The new building of the National Museum of the American Indian opens this month on the Washington Mall, providing a large exhibition space for the Smithsonian Institution’s collection of 800,000 Native American objects. Occupying the last major available building space on the grassy downtown expanse, the $200 million structure replaces the historic Custom House in Lower Manhattan as the museum’s main venue, although the New York facility will remain open for rotating exhibitions.

Clad in beige Minnesota limestone from a quarry worked by Native Americans, the new building cuts a striking profile. Its creators intended the rough-hewn surface to contrast with the smooth white marble of the surrounding architecture. The design is credited to Douglas Cardinal, an Ottawa-based architect of Blackfoot descent, although he left the project in 1998 in a feud over the design of the interior. The building resembles a geological formation carved by wind and water, with a touch of postmodern panache. Its highlight is a six-story terraced rotunda—known simply as Potomac, a Delaware Indian word meaning a place where goods are gathered—which will be used to show large objects, beginning with a Hawaiian catamaran. The rotunda is illuminated by sunlight passing through prisms arranged across a window, creating a dramatic effect during the summer solstice, when a shaft of light hits a sacred stone embedded in the floor. The rest of the 250,000-square-foot museum has the undulating look of the exterior, with curving spaces producing surprising echo effects, all done in materials that include maple, cedar, and brass.

Most of the collection was amassed by eccentric millionaire George Gustav Heye, known as a “boxcar collector” because of the large number of items he gathered on trips to the American West until his death, in 1957. Including everything from pots to shoes to household objects, Heye’s collection was acquired by the Smithsonian in 1990, prompting the construction of a new storage facility. Seventy percent of the museum’s collection comes from the United States and Canada, the rest from Latin America and the Caribbean.

One of five inaugural exhibitions is a survey of the works of George Morrison, a painter of Chippewa origin associated with the Abstract Expressionists (Franz Kline was his son’s god?father), and Allan Houser, a Santa Fe–based modernist sculptor of Apache origin.Truman Lowe, an artist of Ho-Chunk descent and the museum’s curator of contemporary art, says he wanted to bring the public’s understanding of Indian artistic expression into the present. “One of the reasons for hiring a curator who is also an artist is to take the museum beyond the ethnography material,” he says. “Even though that is the heart of the museum, there is an interest in projecting into the future and showing how people today are translating materials into a visual language.”

Director Richard West, a lawyer of Cheyenne descent, adds that the museum would not distinguish ethnographic material—“pots and beadwork”—from fine art. “Native peoples attach cultural value to artistic objects without making neat distinctions,” he says.

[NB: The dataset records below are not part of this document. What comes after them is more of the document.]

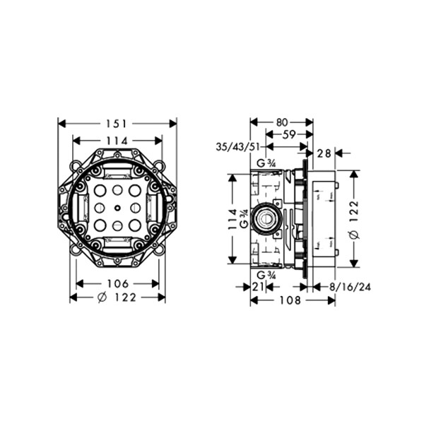 Внутренняя часть, Hansgrohe, iBox universal, назначение-для смесителя, стандарт подвода воды-1/2", комплектация- уплотнитель, 1 заглушку 3/4" Внутренняя часть, Hansgrohe, iBox universal, назначение-для смесителя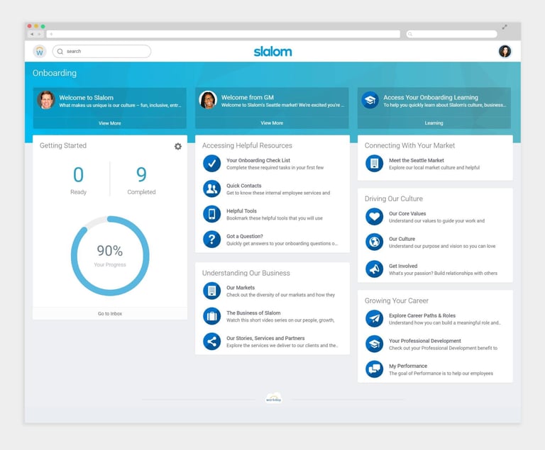 Slalom's onboarding experience was welcoming, but inconsistent across its 25+ offices. Launching Workday as Slalom's internal HR and learning platform meant integrating all people experiences, including onboarding, into the platform.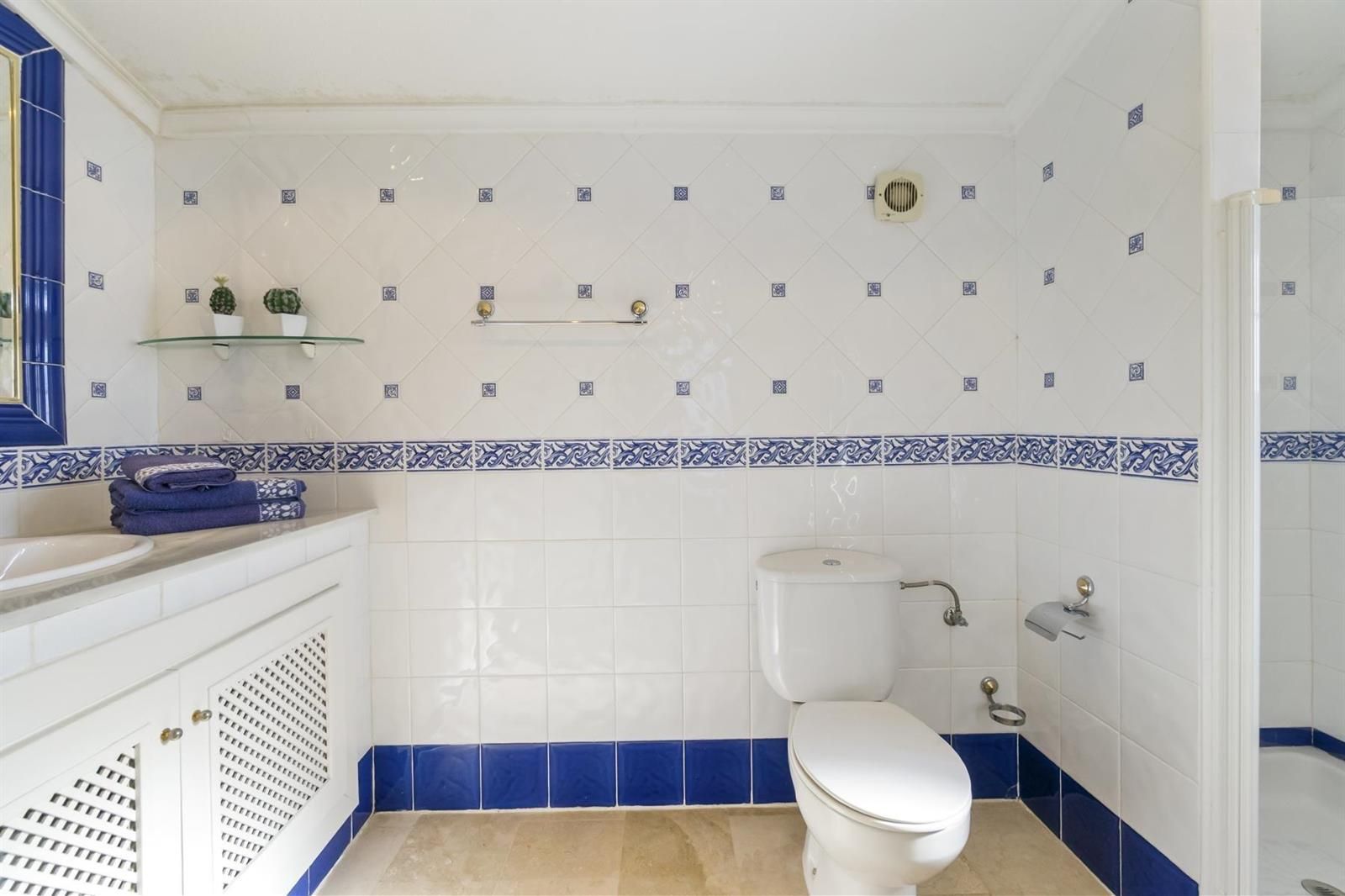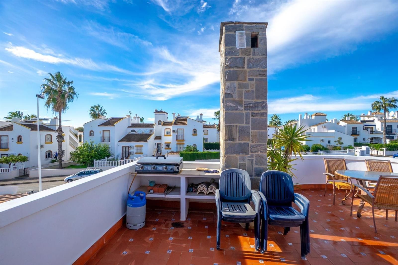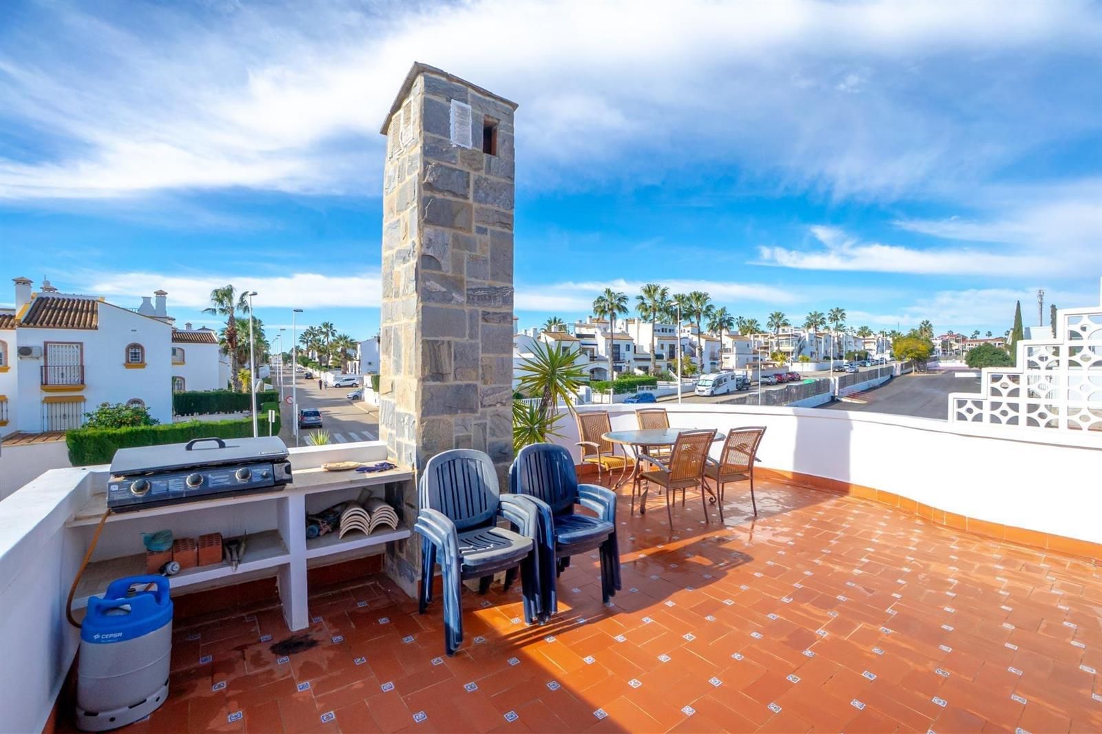 La planta primera alberga dos dormitorios adicionales, uno de ellos con baño en suite y acceso directo a una magnífica terraza/solárium de aproximadamente 32 m², que cuenta con un práctico trastero y está acondicionada para disfrutar de barbacoas y momentos al aire libre.

The museum’s design process hit a highly publicized impasse in 1998, when the Smithsonian fired the Philadelphia architecture firm GBQC, which had appointed Cardinal as subcontractor and primary author of the project, for allegedly missing deadlines and clashing with museum officials on allocation of interior spaces. The museum then hired a group of mainly Native American architects and consultants to redesign the interior, but Cardinal’s exterior was essentially left intact. West said that Cardinal’s name will appear on the museum, along with the names of its later designers.

Reached by phone in Ottawa, Cardinal called the building a poor copy of his design. He said he had been invited to the opening but would not attend.

“This could have been my best work,” says Cardinal, who conceived it as a study in circles, the way I. M. Pei’s east wing of the National Gallery of Art works in triangles. “I’m trying to be positive about it, but there is no way someone can copy someone else’s work and expect the end product to come out with the vitality and expression of the original author.”

West calls Cardinal’s departure an “unfortunate parting of ways,” and he says the galleries were redesigned by “people who were with the project from the start.”